Assignment:
What is needed here is an exact printout of the data, with no pictures included.

-------- Data below --------

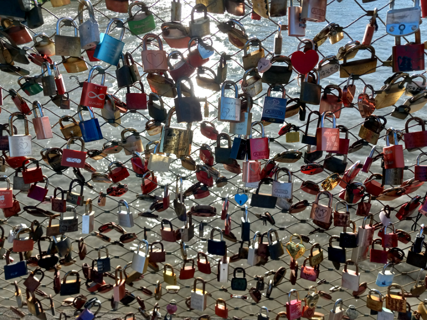 I was amazed how many padlocks there were. I had heard somewhere that couples lock the padlock as a symbol of their love and then throw the two keys into the river for safekeeping. Thank you, Dale!
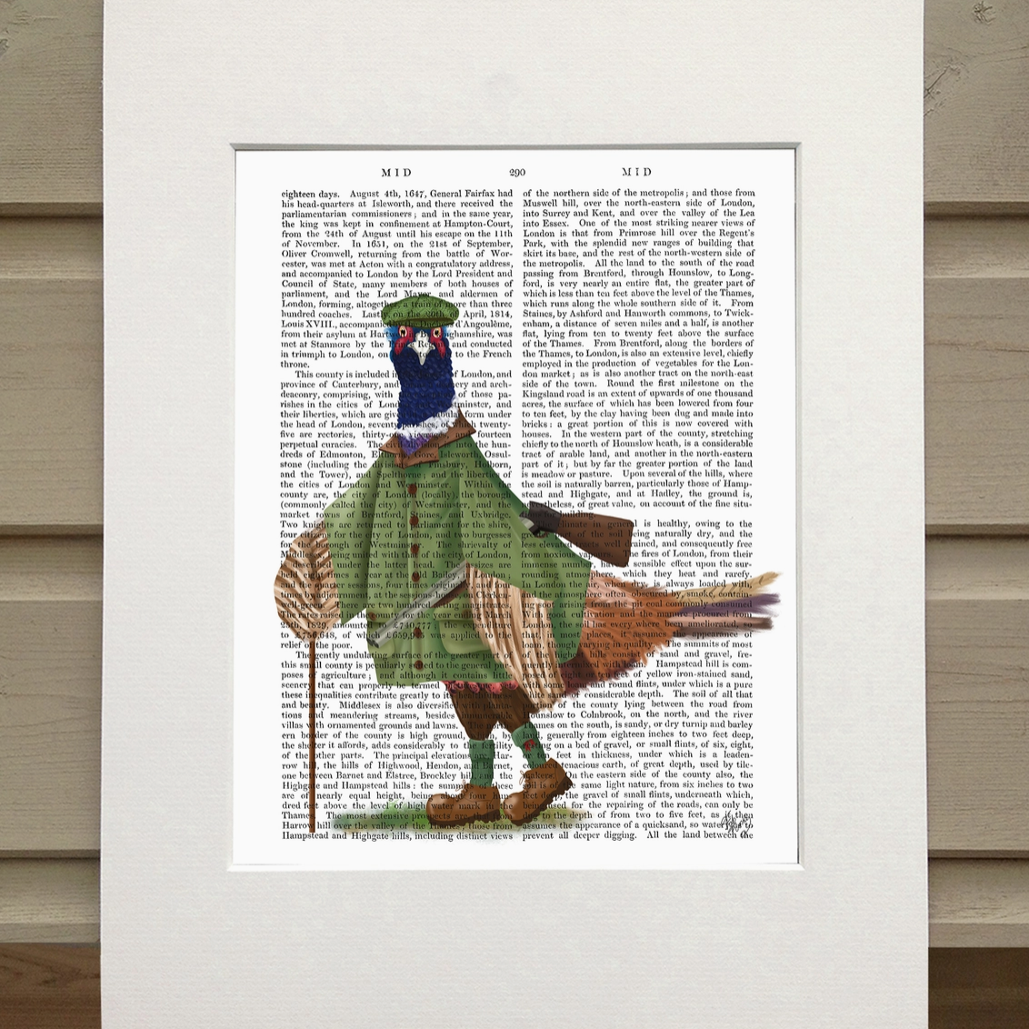 Imaginative illustration printed onto the page of an antique English book from the 1800s and beautifully matted, ready for framing.
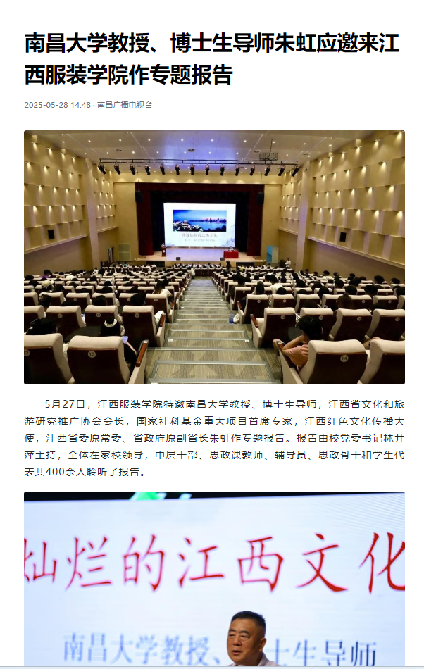 南昌广播电视台:南昌大学教授、博士生导师朱虹应邀来万象城平台作专题报告

--------

Finished task:
 I was amazed how many padlocks there were. I had heard somewhere that couples lock the padlock as a symbol of their love and then throw the two keys into the river for safekeeping. Thank you, Dale!
 Imaginative illustration printed onto the page of an antique English book from the 1800s and beautifully matted, ready for framing.
 南昌广播电视台:南昌大学教授、博士生导师朱虹应邀来万象城平台作专题报告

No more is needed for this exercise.